Given information -
■ ■ ■ ■

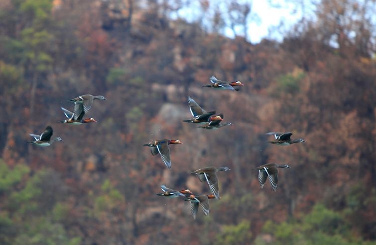 在桐溪最常见的就是人们眼中的爱情之鸟—鸳鸯。每年11月份至次年2、3月份,大批鸳鸯就会从北方迁徙至桐溪景区栖息越冬。
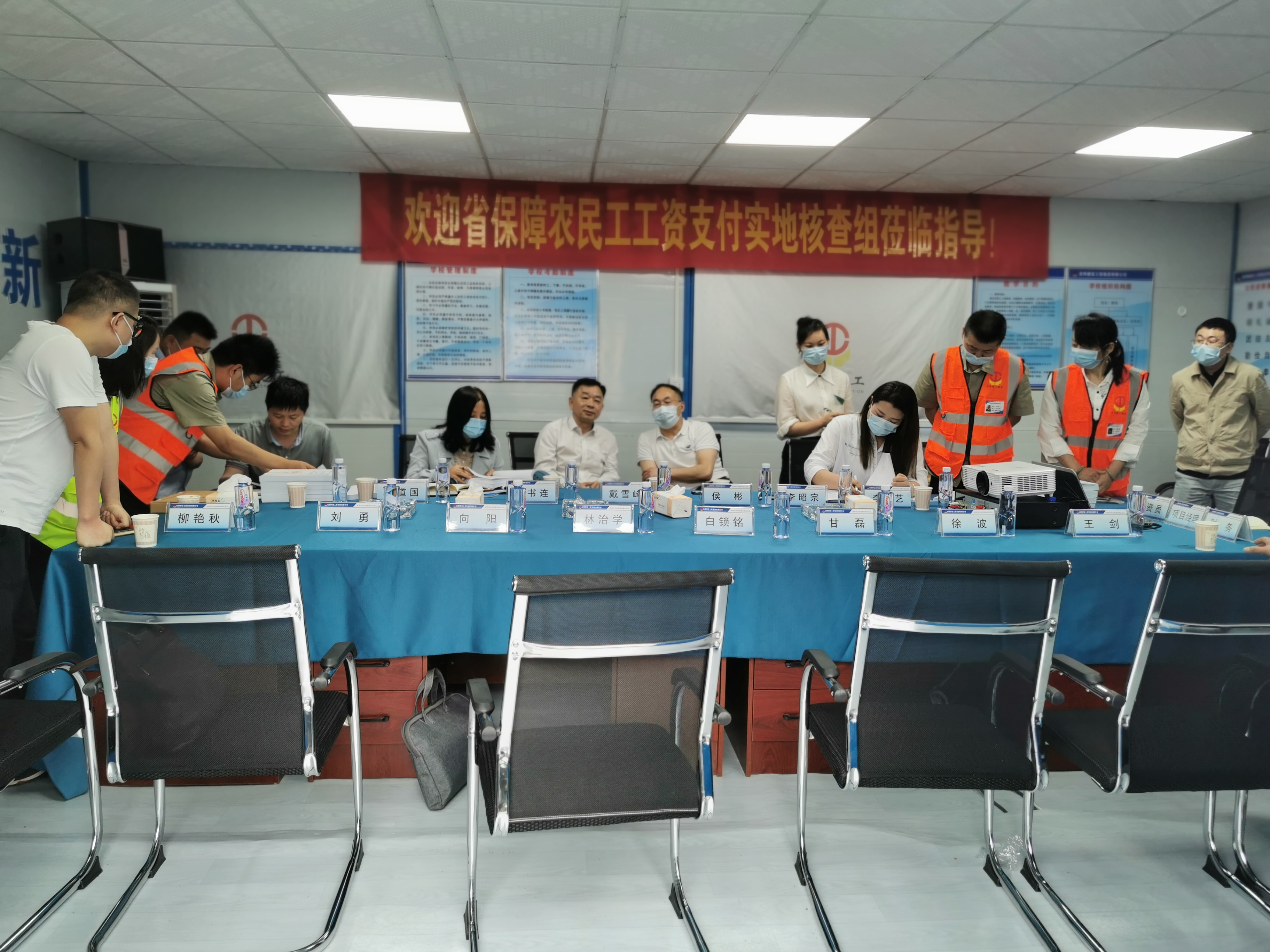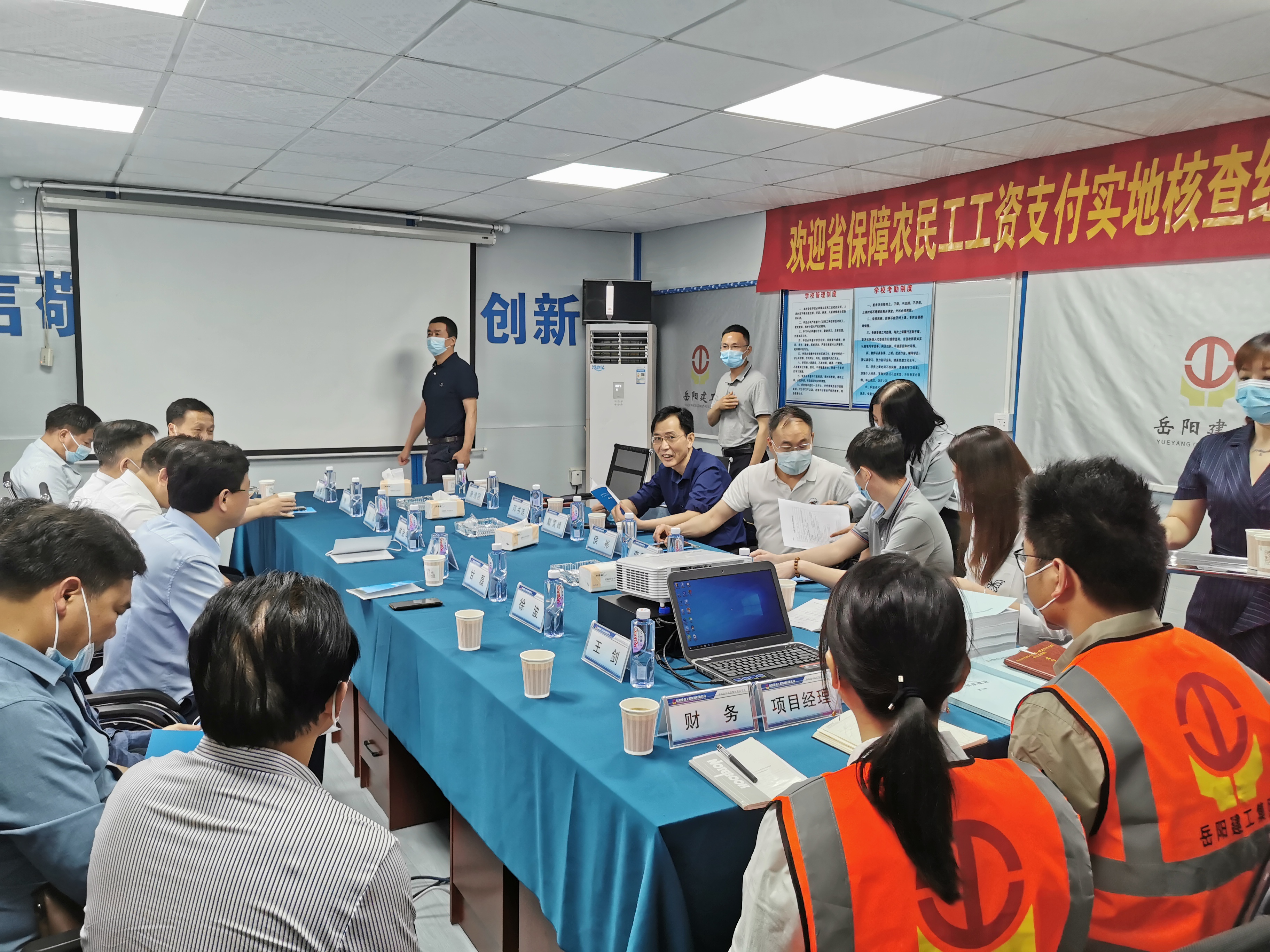 5月9日,湖南省保障農(nóng)民工工資支付工作實地核查組一行蒞臨公司湘陰中醫(yī)院項目實地核查指導(dǎo)農(nóng)民工工資支付保障工作。岳陽市政府、市國資委、市人社局、市住建局等政府部門相關(guān)領(lǐng)導(dǎo)及公司相關(guān)高層領(lǐng)導(dǎo)、公司相關(guān)部門及項目部管理人員陪同核查。
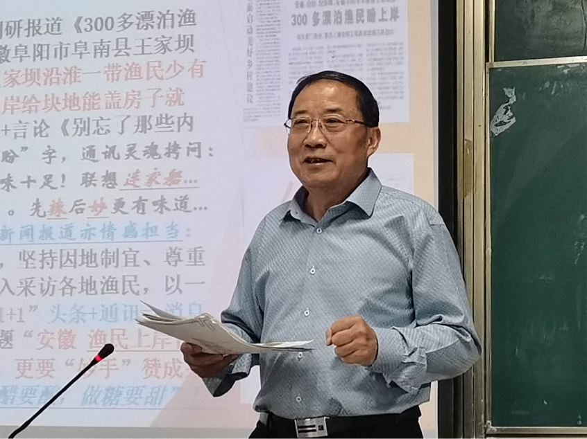 手握一只蓝色保温杯,刘杰一脸和蔼得用略带口音的语言为21级新闻学子开启了如何写好头条新闻的续章:“敢冒风险需看远一步”。2023年4月10日晚7点20分,我校特聘教授、人民日报安徽分社原社长、人民日报高级记者刘杰为2021级新闻学专业的学生开设采风指导讲座第二场,本场讲座依旧围绕“头版头条的写作艺术”这个主题,讲述此主题的第二章“敢冒风险需看远一步”。此次讲座由新闻学专业教师杨瑾瑜博士主持。

■ ■ ■ ■

Exercise instructions -
Your output should be only the lines from the line with "5月9日,湖南省保障農(nó" through the end of the data, exactly as they stand, and no pictures.

Response box -
 5月9日,湖南省保障農(nóng)民工工資支付工作實地核查組一行蒞臨公司湘陰中醫(yī)院項目實地核查指導(dǎo)農(nóng)民工工資支付保障工作。岳陽市政府、市國資委、市人社局、市住建局等政府部門相關(guān)領(lǐng)導(dǎo)及公司相關(guān)高層領(lǐng)導(dǎo)、公司相關(guān)部門及項目部管理人員陪同核查。
 手握一只蓝色保温杯,刘杰一脸和蔼得用略带口音的语言为21级新闻学子开启了如何写好头条新闻的续章:“敢冒风险需看远一步”。2023年4月10日晚7点20分,我校特聘教授、人民日报安徽分社原社长、人民日报高级记者刘杰为2021级新闻学专业的学生开设采风指导讲座第二场,本场讲座依旧围绕“头版头条的写作艺术”这个主题,讲述此主题的第二章“敢冒风险需看远一步”。此次讲座由新闻学专业教师杨瑾瑜博士主持。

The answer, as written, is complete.